**Your task**
Type out the lines below exactly, pictures excluded.

**Dataset extract**
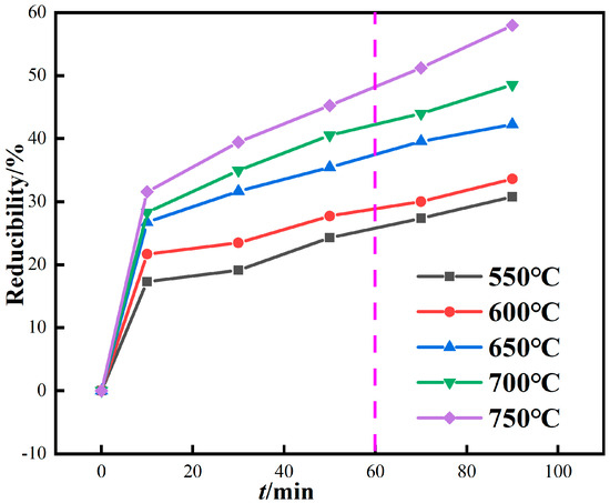 When the CO concentration is 20% and the roasting temperature is 600 °C, 650 °C, 700 °C, 750 °C, and 800 °C, the influence of roasting time on the reduction degree of iron in red mud is studied, and the results are shown in Figure 7. In magnetization roasting, the theoretical reduction degree of hematite or goethite is 42.8%. As shown in Figure 7, when the roasting temperature is above 650 °C and the reduction time exceeds 60 min, the reduction degree exceeds the theoretical value of magnetization roasting, and there is an obvious overreduction phenomenon.
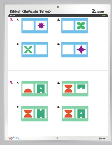 Dikkat (Hafızada Tutma) 2. Sınıf 3. A. B. C. D. 4. A. B. C. D. 8 Bilsem
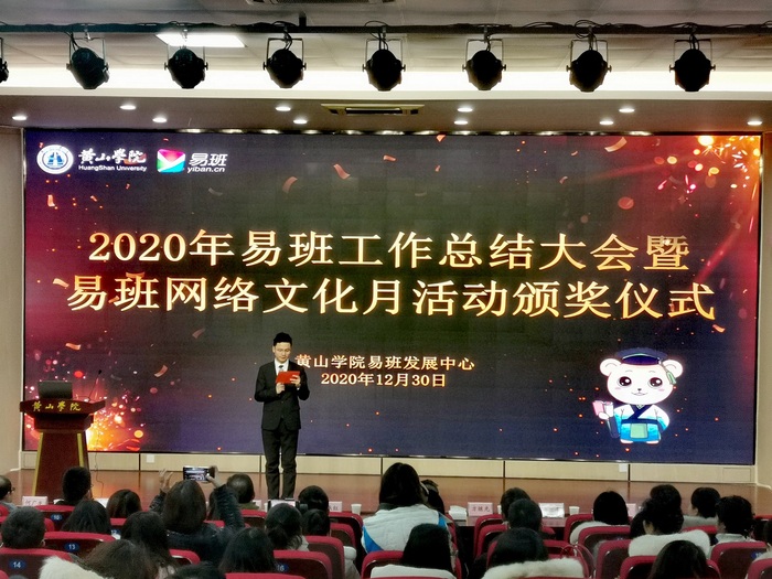 12月30日晚,我校易班发展中心2020年易班工作总结大会暨易班网络文化活动月颁奖仪式在文端楼二楼报告厅举行。学生处领导班子、学院分管学生工作领导、校院易班发展中心指导老师、专兼职辅导员、校院易班学生工作站成员以及2019、2020级易班班长参加了此次活动。

**Written solution**
 When the CO concentration is 20% and the roasting temperature is 600 °C, 650 °C, 700 °C, 750 °C, and 800 °C, the influence of roasting time on the reduction degree of iron in red mud is studied, and the results are shown in Figure 7. In magnetization roasting, the theoretical reduction degree of hematite or goethite is 42.8%. As shown in Figure 7, when the roasting temperature is above 650 °C and the reduction time exceeds 60 min, the reduction degree exceeds the theoretical value of magnetization roasting, and there is an obvious overreduction phenomenon.
 Dikkat (Hafızada Tutma) 2. Sınıf 3. A. B. C. D. 4. A. B. C. D. 8 Bilsem
 12月30日晚,我校易班发展中心2020年易班工作总结大会暨易班网络文化活动月颁奖仪式在文端楼二楼报告厅举行。学生处领导班子、学院分管学生工作领导、校院易班发展中心指导老师、专兼职辅导员、校院易班学生工作站成员以及2019、2020级易班班长参加了此次活动。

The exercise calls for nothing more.